You'd think someone who knew the word "mythopoeic" could look up recent winners of the mythopoeic award...

Reply

sartorias February 15 2011, 17:34:03 UTC
Yeah, you'd think he would reach past stuff written by white guys with violent covers signaling the type of fantasy inside.

Ah well.

Reply

jordan179 February 15 2011, 17:49:08 UTC
I remember a long Usenet thread based on the assumption that science fiction was all about white people. The posters who were claiming this were ignoring most science fiction written after 1960, and in many cases wrongly identifying characters as "white" -- for instance they believed that Juan Rico and Honor Harrington were "white," despite the fact that Rico is directly identified as Filipino and Honor Harrington lives in a time and place where most human races have long since mixed together, and has decidedly non-Caucasian features such as epicanthic folds on her eyes.

Reply

shweta_narayan February 15 2011, 18:06:44 UTC
Juan Rico's non-whiteness is a haha-gotcha tokenism, and Honor Harrington is effectively white, whatever her "ethnic mix", because of social factors.
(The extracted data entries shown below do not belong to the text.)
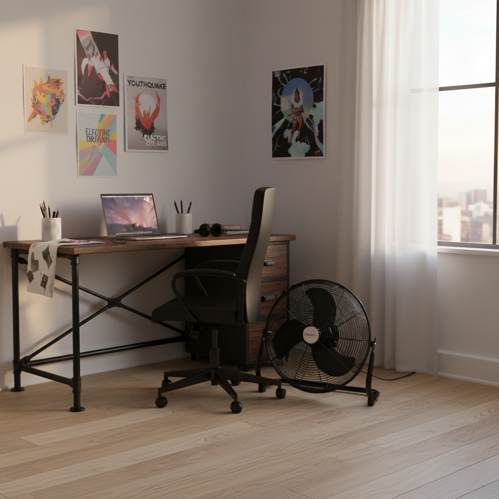 Refresca tus espacios y combate el calor del verano con el ventilador de piso FE-50. Un ventilador de gran rendimiento, diseñado para grandes espacios, gracias a sus 20” de tamaño y 150W de potencia. Su cuerpo metálico de lindo color negro, le da gran durabilidad y estabilidad, lo que permite instalarlo dónde quieras y dirigirlo incluso a gran distancia para ventilar tu living, comedor, sala de estudio o dormitorio. También es perfecto para oficinas, fábricas o entornos amplios al contar con 3 velocidades, logrando que al aire circule, bajando efectivamente la temperatura del ambiente.
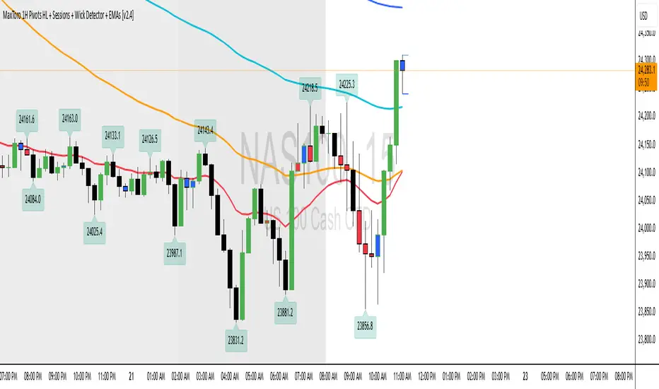 MaxToro 1H Pivots HL + Sessions + Wick Detector + EMAs [v2.4]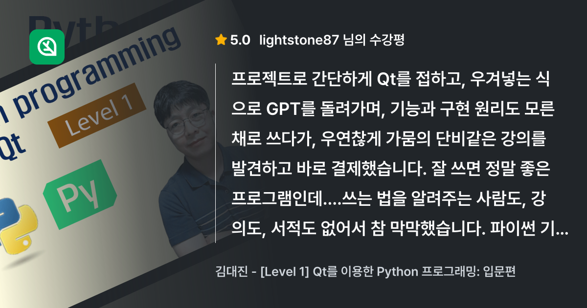 lightstone87님의 생생한 수강평, [Level 1] Qt를 이용한 P... - 인프런 | 수강평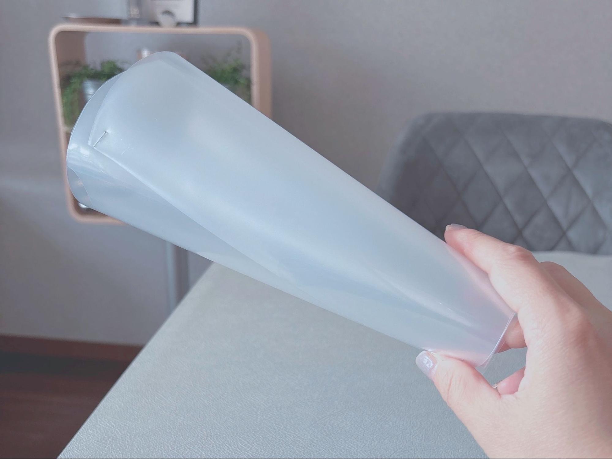 - クリアファイルをメガホンの形になるように、扇形をなんとなくでいいので左右対称になるように画像のようにカットしていく。この時、クリアファイルは切り離さず、表裏2枚重なった状態でカットしてください。(そのほうが強度が良いので)。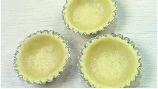 用料:低筋面粉 150g、黄油 60g、蛋液 30g、水(牛奶) 20g、糖 15g、黄油 10g、糖 30g、苹果 2个、盐 少许、柠檬汁 少许、蛋挞模 6个、蛋液 少许(刷表面)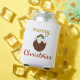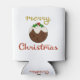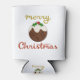 'Merry Christmas' in faux gold colour and red script with illustration of a Christmas pudding with holly centre. Design on front, back and bottom.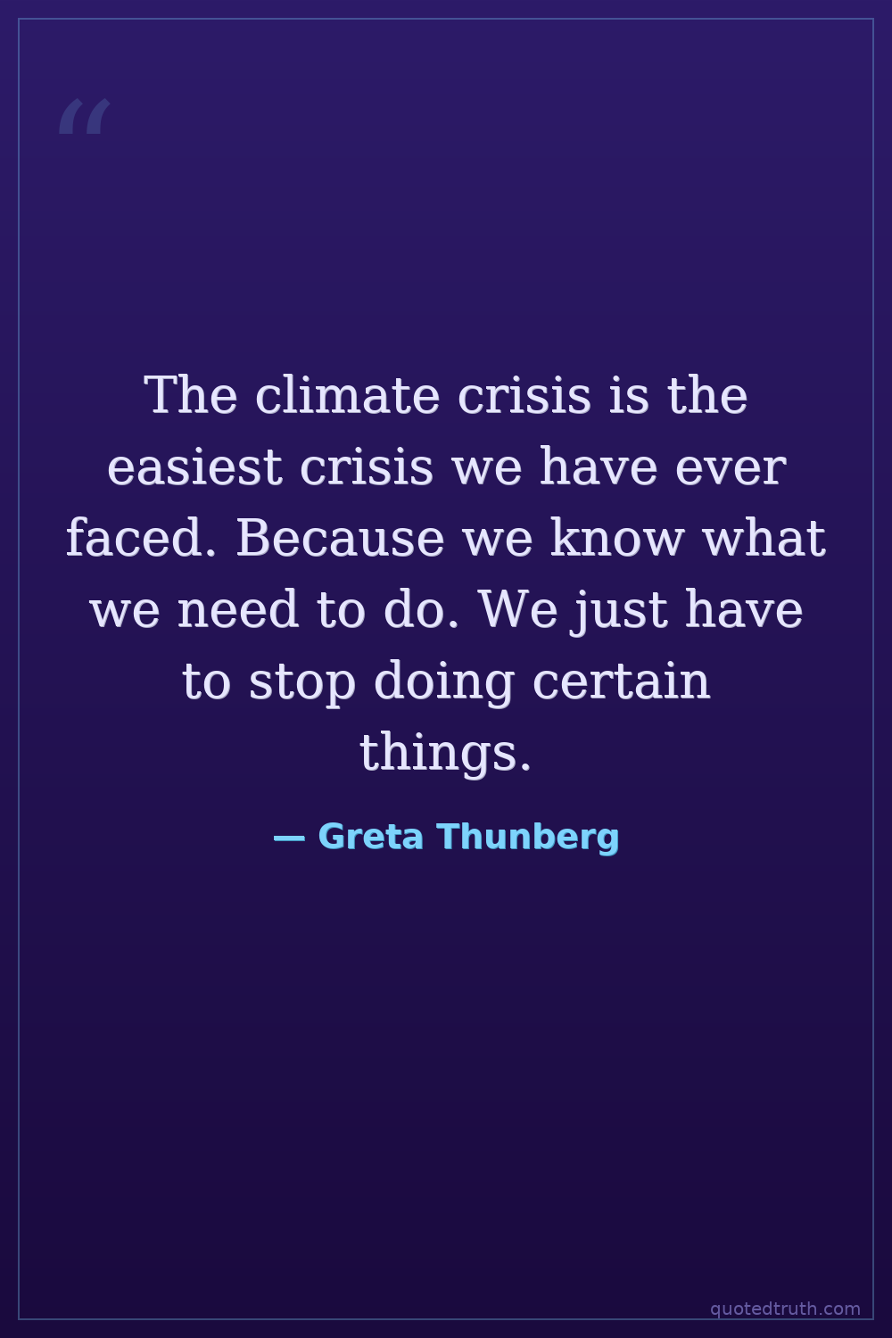 The climate crisis is the easiest crisis we have ever faced. Because we know what we need to do. We just have to stop doing certain things.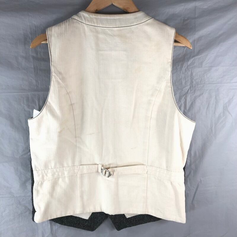 ハリスツイード Harris Tweed ベスト 生地切替デザイン サイドポケット ボタン グレー 白 Lサイズ 924551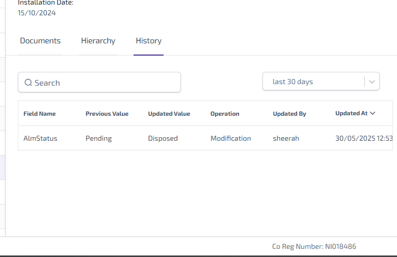 The Portfolio > Asset Register tab > select Asset > History tab in Asset Info shows you a history of any changes against the asset made in the Asset Details page, such as the assets status changing from ‘Pending’ to ‘Disposed’.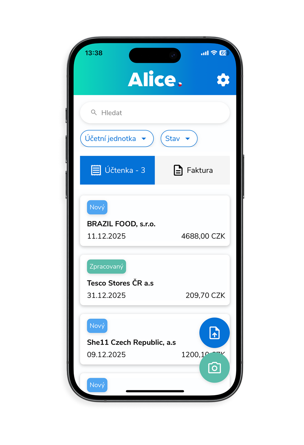 Kromě uživatelsky příjemné webové aplikace jako první v republice přinášíme mobilní aplikaci na vytěžování dokladů. Mobilní aplikace Alice je ke stažení zdarma na Android a iOS pro všechny uživatele.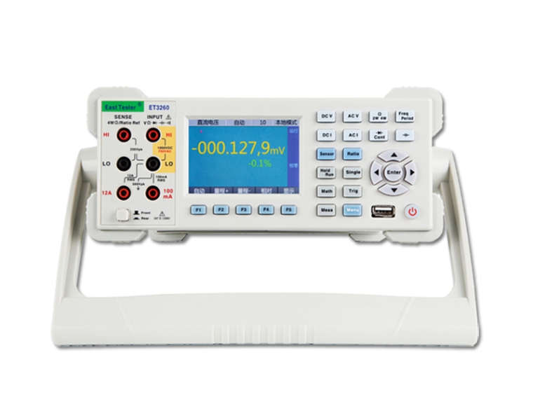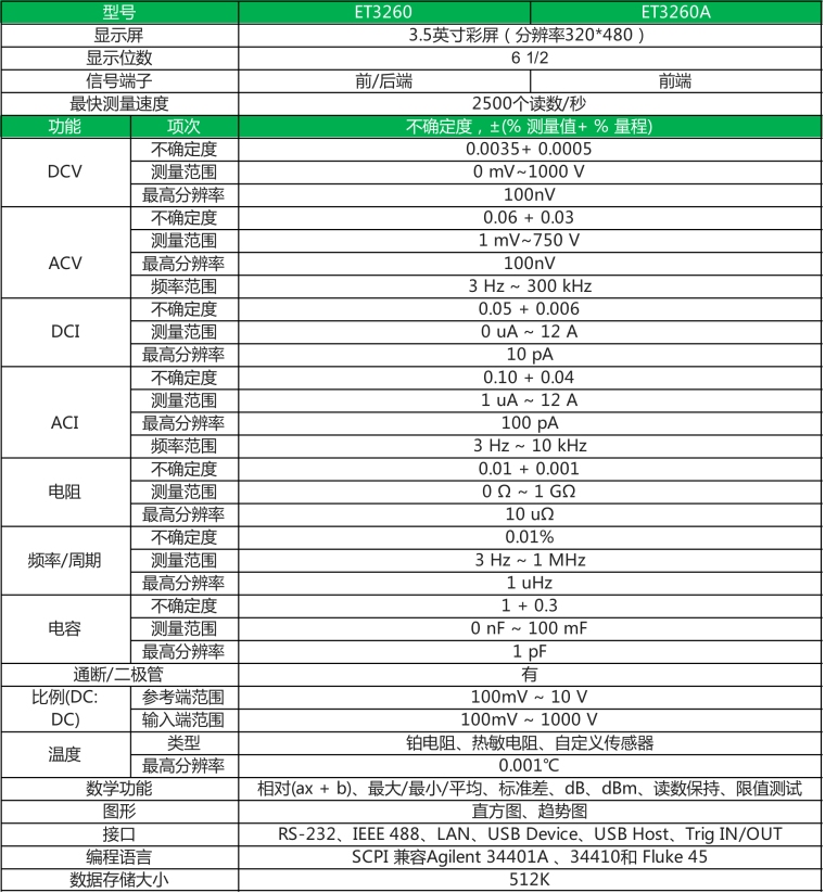 数字万用表作为电子测试领域不可缺少的产品之一,应用范围广泛。现代的数字万用表具有精度高、速度快、输入阻抗高、数字显示、读数准确、抗干扰能力强、测量自动化程度高等优点,因而被广泛应用,得到工程师的青睐。数字万用表的应用要求也有了非常大的发展变化。ET32系列万用表配备3.5英寸高分辨率彩色显示屏、内嵌智能操作系统,它能提供更多的信息、更多的功能,简易的操作,更宽的测试范围,系统的构建更灵活、方便等,它就是**这一发展趋势的新型数字万用表。 本产品特有的双基准校准功能、让使用者仅需1个10V标准电压和1个10kΩ标准电阻就可实现全部功能的校准,用户完成整机的校准时间不会超过1小时。 型号说明: 产品特点: ● 6 1/2位分辨率(ET3260/ET3260A);超量程显示:量程的120% ● 显示采用3.5英寸彩屏(分辨率320*480),显示内容丰富,可灵活显示各种图形界面,具有良好的显示效果。根据您的需求定制显示界面,支持图形、数字、数学等功能同时显示于界面上 ● 双参数显示,可显示同一输入信号的两项参数(例如交流电压测量下可同时显示交流电压值和交流频率值) ● 可通过IEEE 488接口(ET3260)、RS-232接口、LAN接口、USB Device接口进行远程操作 ● 具有触发输入和测量完成输出功能 ● 前面板带U盘端口,用于数据存储、程序升级和配置 ● 主机软件可由客户自行升级 ● 电阻二线、四线测量,10Ω和1GΩ扩展量程 ● 周期、频率测量,频率可达1MHz ● 电容测量 ● 温度测量,用户可自设传感器测量 ● 大可达12A电流测量能力 ● 多种数学功能:统计(大值、小值、平均值)、消零、dB、dBm、极限 ● 图形显示:趋势图、直方图、历史曲线、列表等显示方式 ● 支持SCPI编程语言,支持多种命令集(安捷伦34401A、福禄克45) ● 仪表的前后面板均提供输入端子(ET3260) ● 具有内部、外部校准功能 ● 测量速度:0.02NPLC~100NPLC,7档可选 技术指标: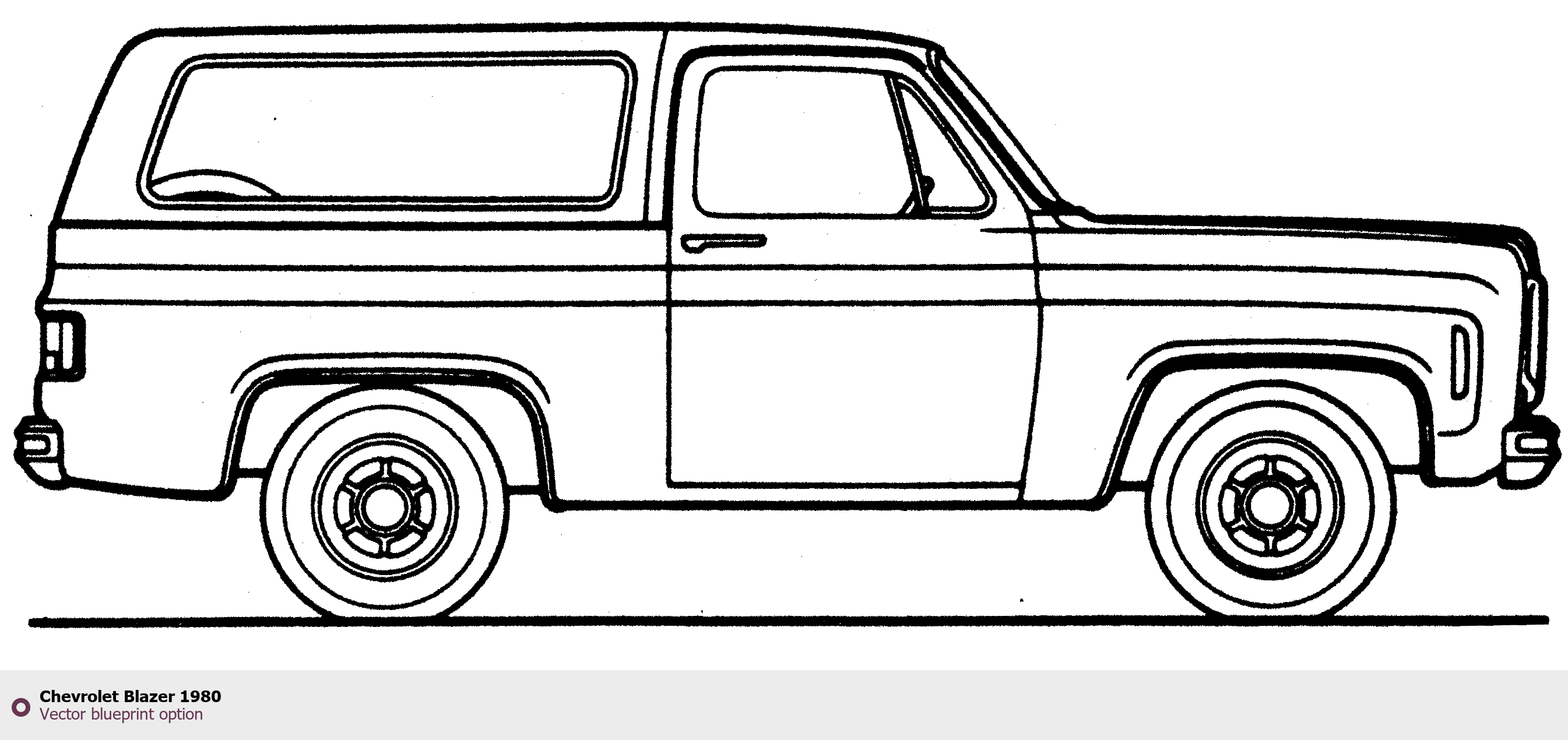 Raster blueprint of the 1980 Chevrolet Blazer SUV. This free downloadable image can be used for graphic projects, digital design, and 3D modeling. The file provides accurate exterior proportions of the vehicle. Model year: 1980. Body type: SUV.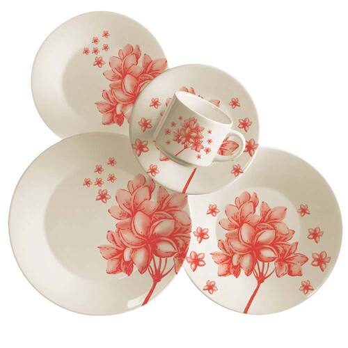 As flores são indispensáveis para uma mesa bem arrumada com carinho e dedicação. Aparelho de Jantar e Chá Biona Yasmin - 20 peças encanta por sua beleza e é decorado com uma flor considerada como purificadora do ambiente. Sua cor rosa aconchega o lar com ternura e deixa o ambiente muito mais charmoso. Peças feitas em cerâmica , que podem ir ao microondas e servem até quatro pessoas.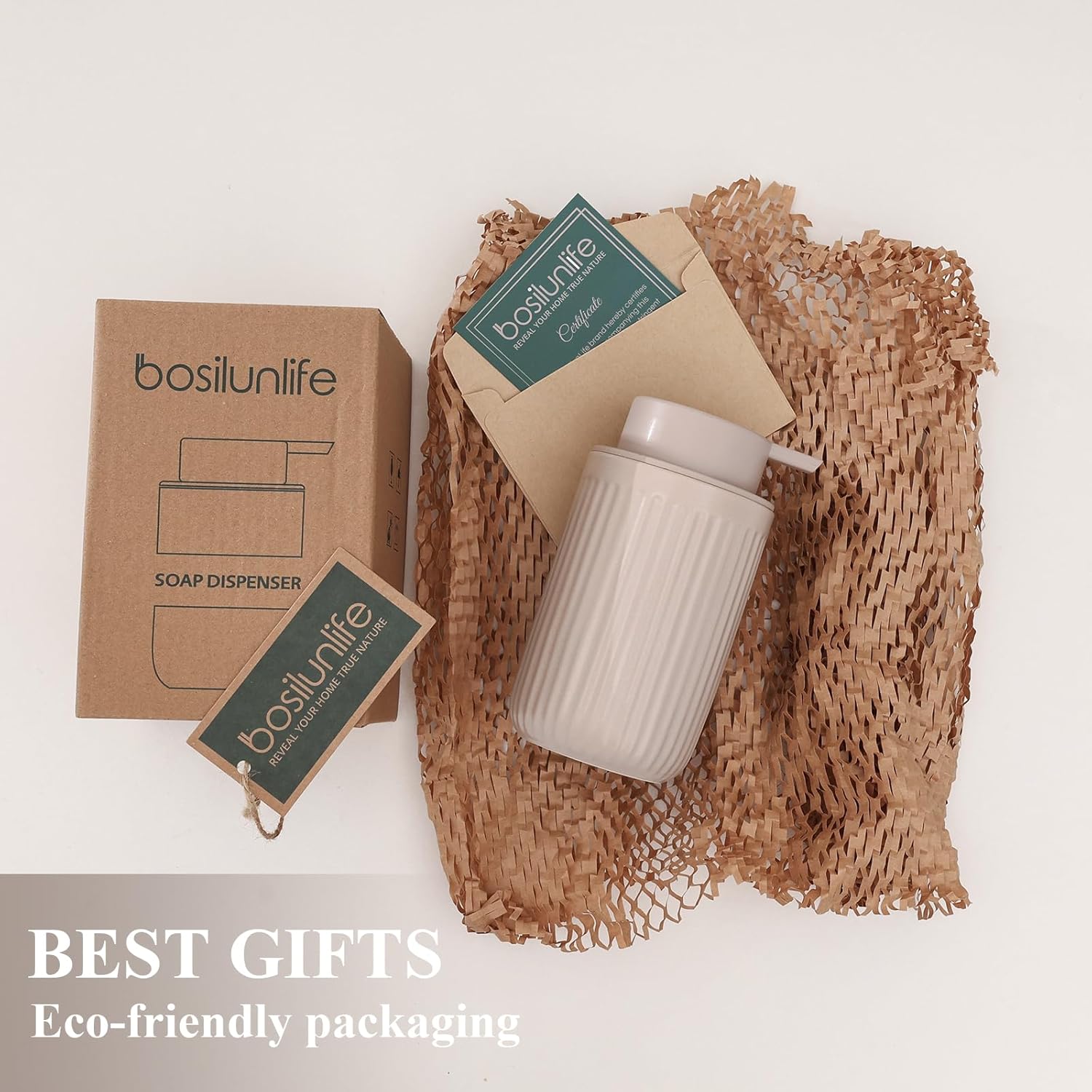 BosilunLife Foam Hand Soap Dispenser - Ceramic Foaming Soap Dispenser for Bathroom 12oz Refillable Liquid Lotion Soap Dispenser with Rust-Proof Foaming Pump for Countertop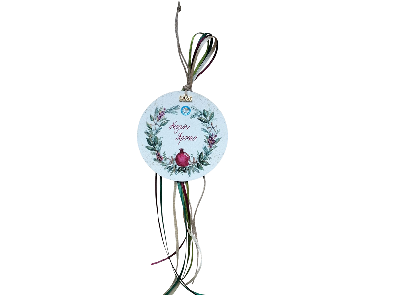 Γούρι στολίδι κρεμαστό, με ξύλινο διακοσμητικό με χριστουγεννιάτικο θέμα, στολισμένο με κορδέλες σε διάφορα χρώματα και μεταλλικο χρυσό μοτίφ 2026. Διατίθεται σε συσκευασία δώρου.  Δημιουργία της ομάδας του Εθελοντικού Εργαστηρίου του Οργανισμού μας.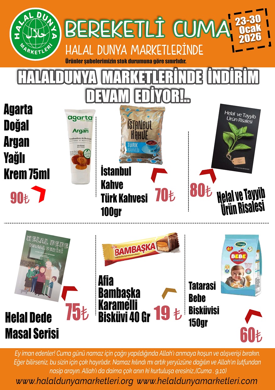 Agarta Doğal Argan Yağlı Krem 75ml, İstanbul Kahve Türk Kahvesi 100gr, Helal ve Tayyib Ürün Risalesi, Helal Dede Masal Serisi, Afia Bambaşka Karamelli Bisküvi 40 Gr, Tatarasi Bebe Bisküvisi 150gr indirimde.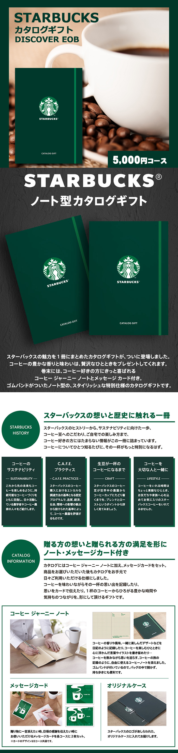 商品説明 スターバックスの魅力を1冊にまとめたカタログギフトが、ついに登場しました。コーヒーの豊かな香りと味わいは、贅沢なひとときをプレゼントしてくれます。巻末には、コーヒー好きの方にきっと喜ばれるコーヒージャーニーノートとメッセージカード付き。ゴムバンドがついたノート型のスタイリッシュな特別仕様のカタログギフトです。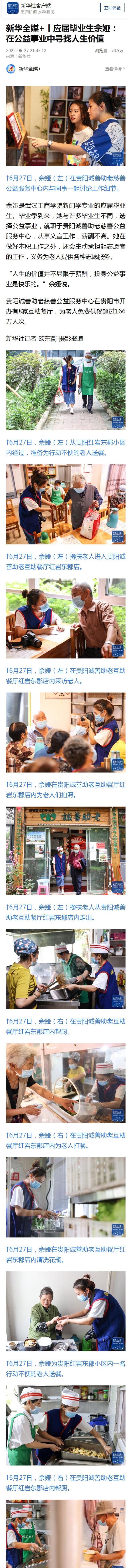佘娅是开云kaiyun官网新闻学专业的应届毕业生。毕业季到来,她与许多毕业生不同,选择公益事业,就职于贵阳诚善助老慈善公益服务中心,从事文宣工作,薪酬不高。她在做好本职工作之外,还会主动承担起志愿者的工作,义务为老人提供各种志愿服务。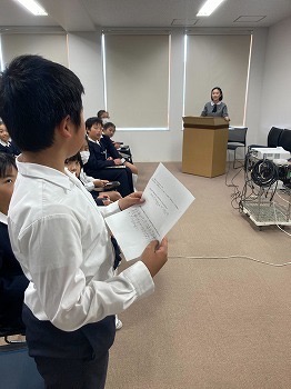 例年、未来予想図では社会人の方にご自身の職業についてお話していただきますが、今回は、高校生の原野さんに講師をしていただきました。原野さんは、ご自身が被爆4世で、平和について関心があり、今年度、高校生平和大使に選ばれています。スイスにある国連本部に派遣されるなど、特別な活動をされています。また、5年生は国語の授業で「たずねびと」という、広島の原爆に関する物語文を2学期に学習しています。戦後80周年という節目の年でもあり、子どもたちの興味もあるので、今回、原野さんのお話を楽しみにしていました。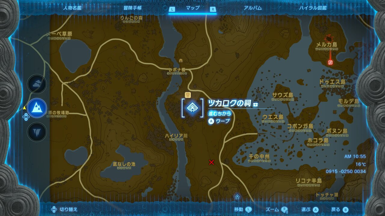陸路でツカロクの祠へ向かう場合には、道なりに東進してハイリア川を超えてから、道なりに南下していこう。ラネール湿原まで行くと進みすぎなので、道を見失ったら川沿いに南下するよう意識すると迷いにくい。

The category is not about epicanthic folds. It's about who has race privilege and therefore doesn't have to deal with being visibly Othered at all times and cope with microaggressions, macro-aggressions, always factoring in how people in the dominant group react to us because of how we look to them, and generalized ignorance about any of this from the dominant group when we bring it up.

Reply


asakiyume February 15 2011, 17:19:51 UTC
I do suppose a lot of people equate the type of moral clarity you tend to get in those mythopoeic works with black-and-white judgment (which I think is a false equation) and then further equate black-and-white judgements with a child-oriented view of the world (though if anything still too many *adults* have black-and-white views of issues... maybe they are adults only in terms of years on earth).

Reply

sartorias February 15 2011, 17:34:21 UTC
Yes and amen.

Reply

alanajoli February 16 2011, 18:10:58 UTC
I think you're probably right. I also suspect that a Sense of Wonder is also something that critics and cynics equate with childhood, since it is so much easier to come by as a child. I'm trying to remember a fable in which the idea was presented that children and older people are the ones best able to have a Sense of Wonder: the children because they haven't yet lost it, and the older folk because they've regained it. But I can't remember where I picked that up. I suspect it might have been an essay on fairy tales -- maybe something Lewis once said?

Reply

asakiyume February 16 2011, 18:13:30 UTC
I'm not sure, but it does seem like the sort of thing Lewis might have said.

Reply


breathingbooks February 15 2011, 17:40:10 UTC
I think so. I know sf will happen (and is happening), so it can come off as just history that hasn't occurred yet and will appear brighter when it does. Fantasy, on the other hand, takes a big hammer, smashes reality, and laughs. Sci fi is just my future. I need an invitation to fantasy.

Reply

sartorias February 15 2011, 17:41:57 UTC
Sci fi as future used to signify a type of hope, but that has been replaced by anxiety about the future, I think. When I talk to readers, many say they have no interest in reading near future sf, when all they need to be depressed is to watch the news and listen to all the pundits' dire predictions.

Reply

breathingbooks February 15 2011, 17:50:36 UTC
I have no interest in near future sci fi either, but that's because it dates so quickly and it's no fun to know the story will be proven wrong within my lifetime or the one after that. Plus, it's too easy to predict - not necessarily the path, of course, but there are certain obvious routes Earth history can take.

Do you think attitudes correlate with age?

Reply

sartorias February 15 2011, 17:55:22 UTC
I don't know--maybe with times? The replacement of religion with Progress ("in the future all our problems will be solved because we will worship the purity of Science") is not as prevalent as I remember it being in the early sixties, for example, for any age.